Vitrina’s platform tracks deal flows, acquisition mandates, and content buying activity across 400,000+ active projects globally. VIQI—Vitrina’s AI assistant—can surface specific intelligence on which platforms are actively acquiring in your genre, territory, and budget range. This is significantly more current than trade press coverage, which typically reflects deals that closed 6–8 weeks earlier. Most Vitrina members report that the platform helps them identify active acquisition windows that they’d previously missed entirely.

The Bottom Line: Know Who’s Buying Before You Pitch

The top content acquisition companies in 2026 have never been more distinct in their strategies—and never more important to understand before you approach them.
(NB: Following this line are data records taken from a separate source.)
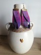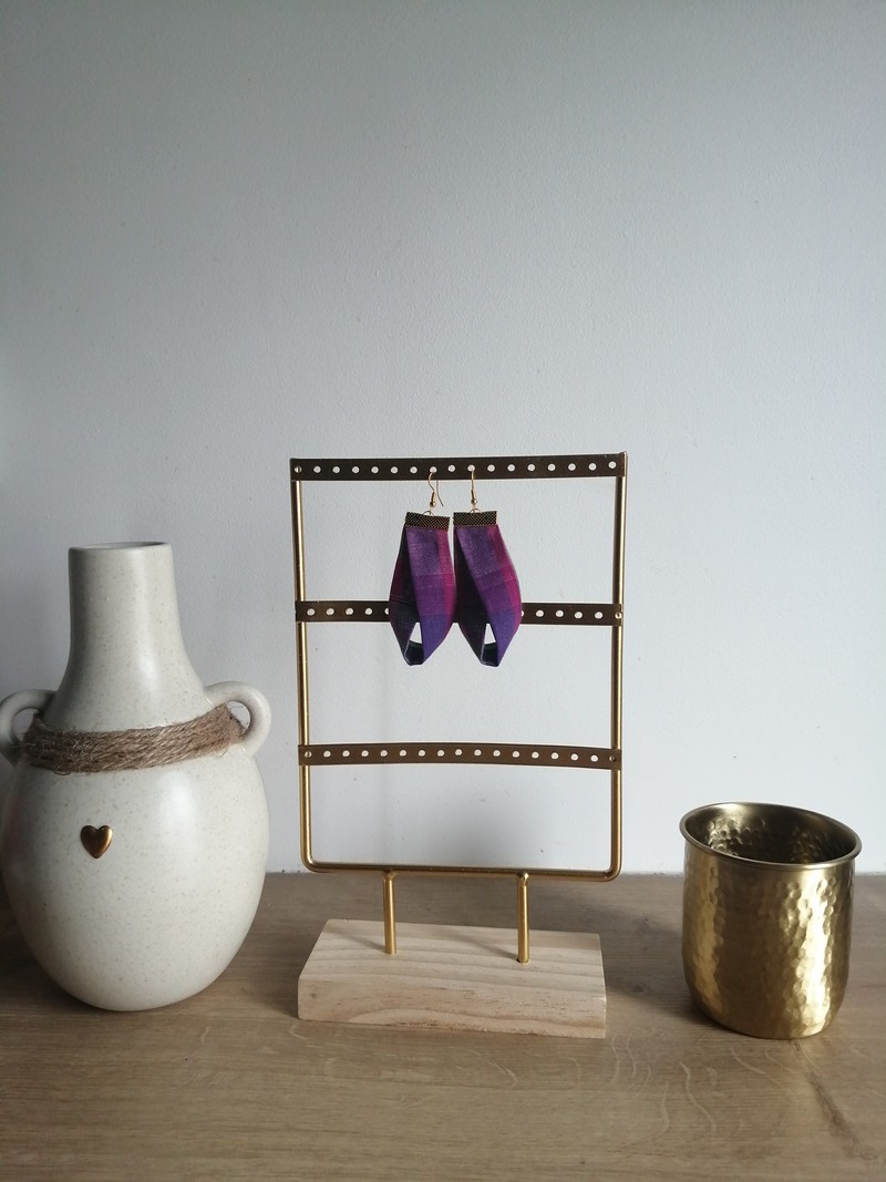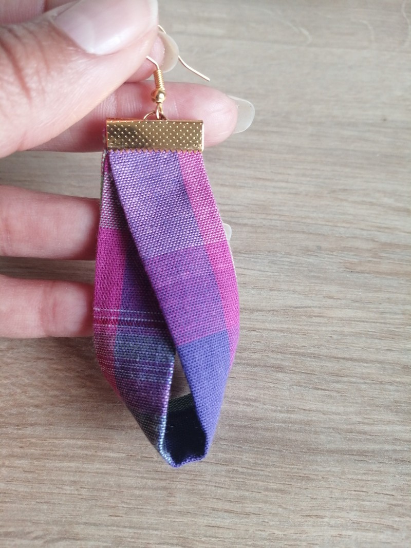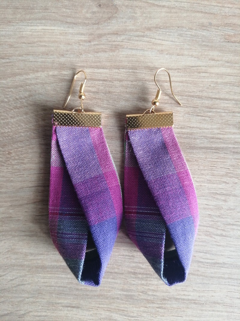 Paire de boucles d'oreilles "La Baie-Mahaultienne " by Lambi et Cauri en forme de goutte en tissu Madras violet à grands carreaux. Taille approximative 10 cm Fait main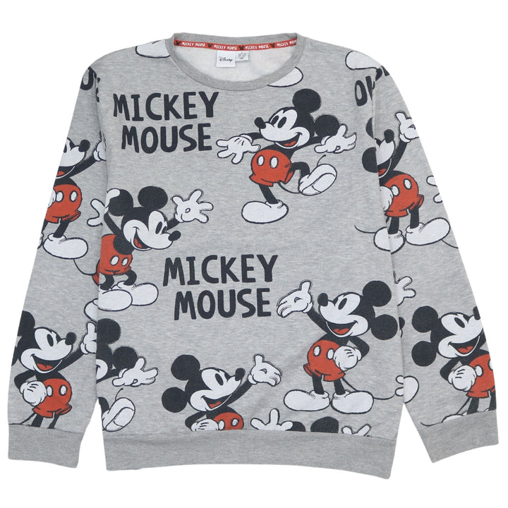 Disney 90's Vintage Mickey Mouse Crew Neck Sweatshirt Grey Large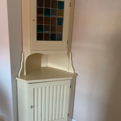 Säljer två hörnskåp, ena står på golvet, andra är upphängt på väggen.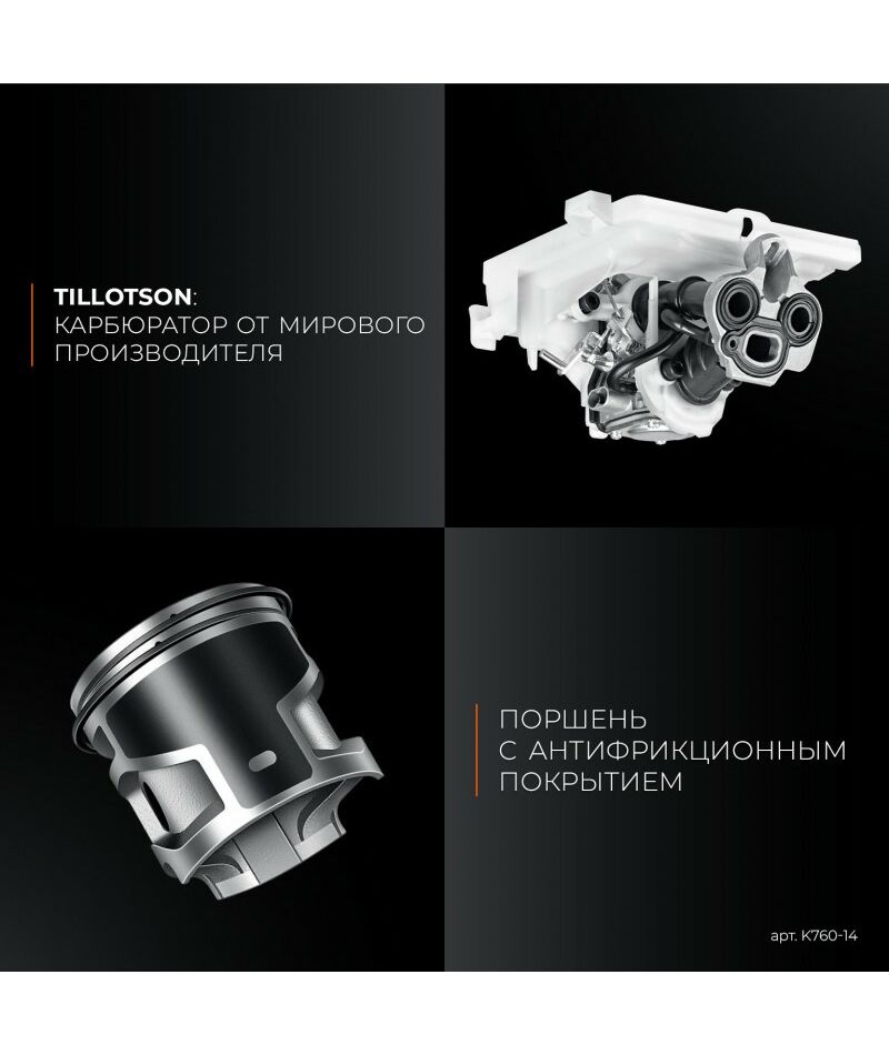 - Карбюратор TILLOTSON оснащен компенсационным клапаном, обеспечивающим высокую мощность даже при забитом воздушном фильтре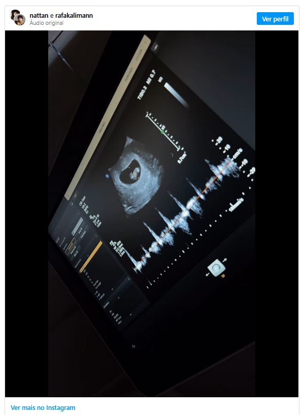 "Tem mais um coraçãozinho batendo aqui", escreveram os dois na legenda do vídeo. Nem o sexo, nem o nome do bebê foram revelados.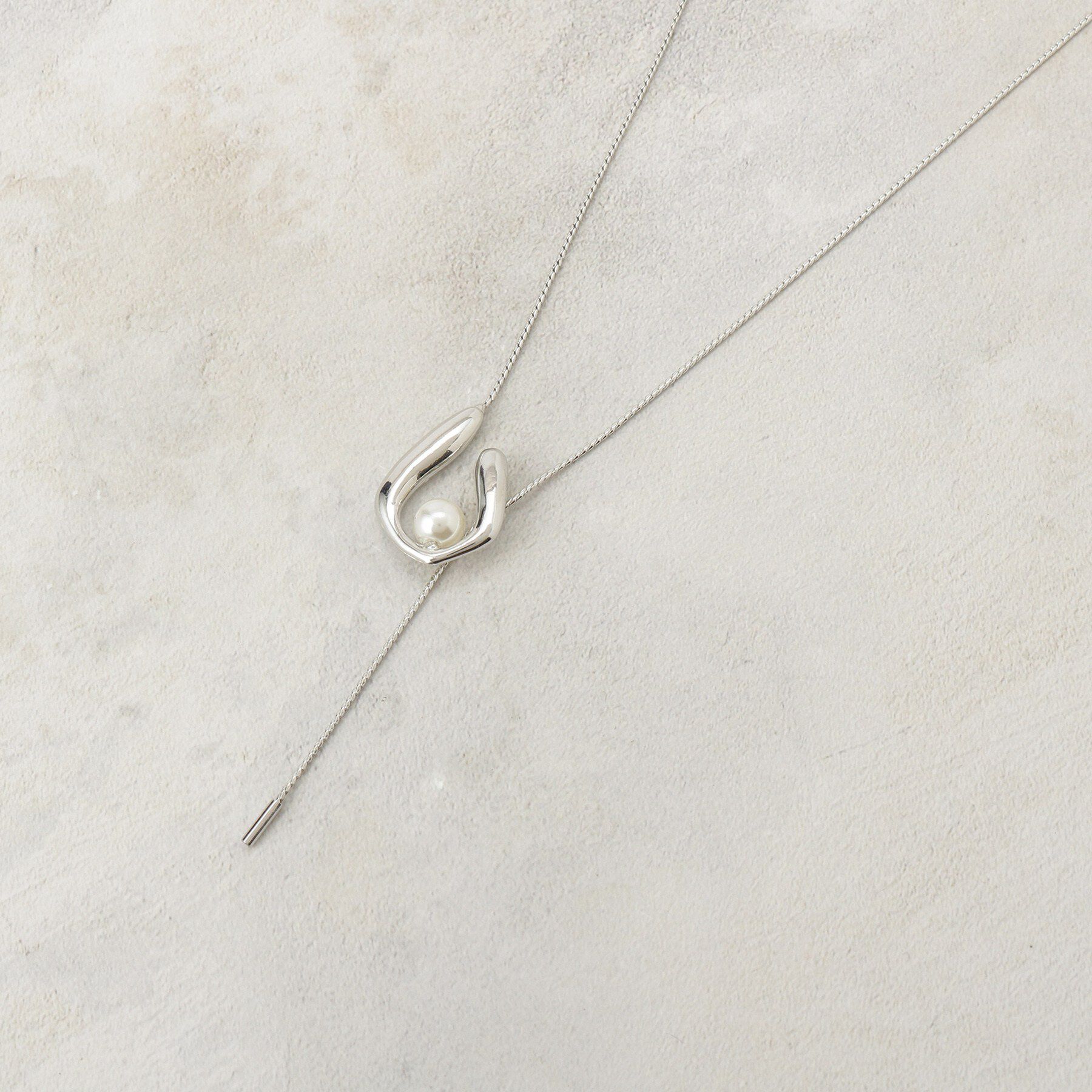【オペークドットクリップ/OPAQUE.CLIP】 U字メタル×フェイクパール ロングスライドネックレス
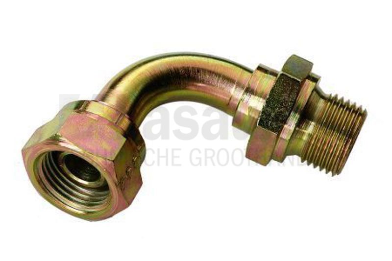 BSPP wartelende binnendraad, vlakdichtend x BSPP buitendraad, beide zijden inwendig 60° afgeschuind, haaks. Elektrolytisch verzinkt.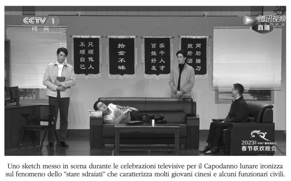 Col termine tangping, cioè «lo stare sdraiati», i Cinesi intendono la forma di reazione passiva alle delusioni dei giovani, anche di alcuni funzionari del Partito, determinate dalla società e dal percorso accademico e lavorativo. Facile il richiamo al libro Gli sdraiati di qualche anno fa di Michele Serra, a conferma che poi qualche punto in comune con una cultura che avvertiamo così lontana ce lo abbiamo. Durante le celebrazioni televisive per il Capodanno cinese, Pechino ha autorizzato la messa in onda di una parodia al riguardo.

Netflix wants local-language hits and live rights. Amazon wants franchise IP and ad-tier volume. Apple wants prestige moments. OSN wants finished premium series and Turkish drama. WBD wants rights it can weaponise. Banijay wants format IP that travels. And JioStar wants anything that holds 450 million Indian subscribers on platform. Pitching any of them without knowing their current acquisition posture is how deals die before they start.

Key Takeaways:

  • Netflix leads on budget but not openness: Their $17B+ annual spend is real, but their finished-content acquisition in core markets is much narrower than the number implies—international and local-language windows remain the most accessible entry points.
  • Amazon’s ad-tier is the underrated opportunity: The shift to ad-supported streaming has opened a volume acquisition channel at Amazon that didn’t exist three years ago—particularly for library content and mid-tier drama.
  • Regional buyers close faster: OSN, JioStar, and MBC/Shahid collectively reach well over 500 million households and have clearer mandates, shorter decision cycles, and less competitive pitch environments than the US/UK platforms.
  • Turkish drama is the MENA unlocking strategy: OSN’s SVP Rolla Karam confirmed that Turkish content performs above all other licensed categories on the platform—dubbed into Syrian-dialect Arabic for a 23-country audience.
  • The Fragmentation Paradox costs you deals: 15–20% of deal value leaks annually through information asymmetry. Producers working from relationship-only networks miss active acquisition windows that real-time intelligence would surface weeks earlier.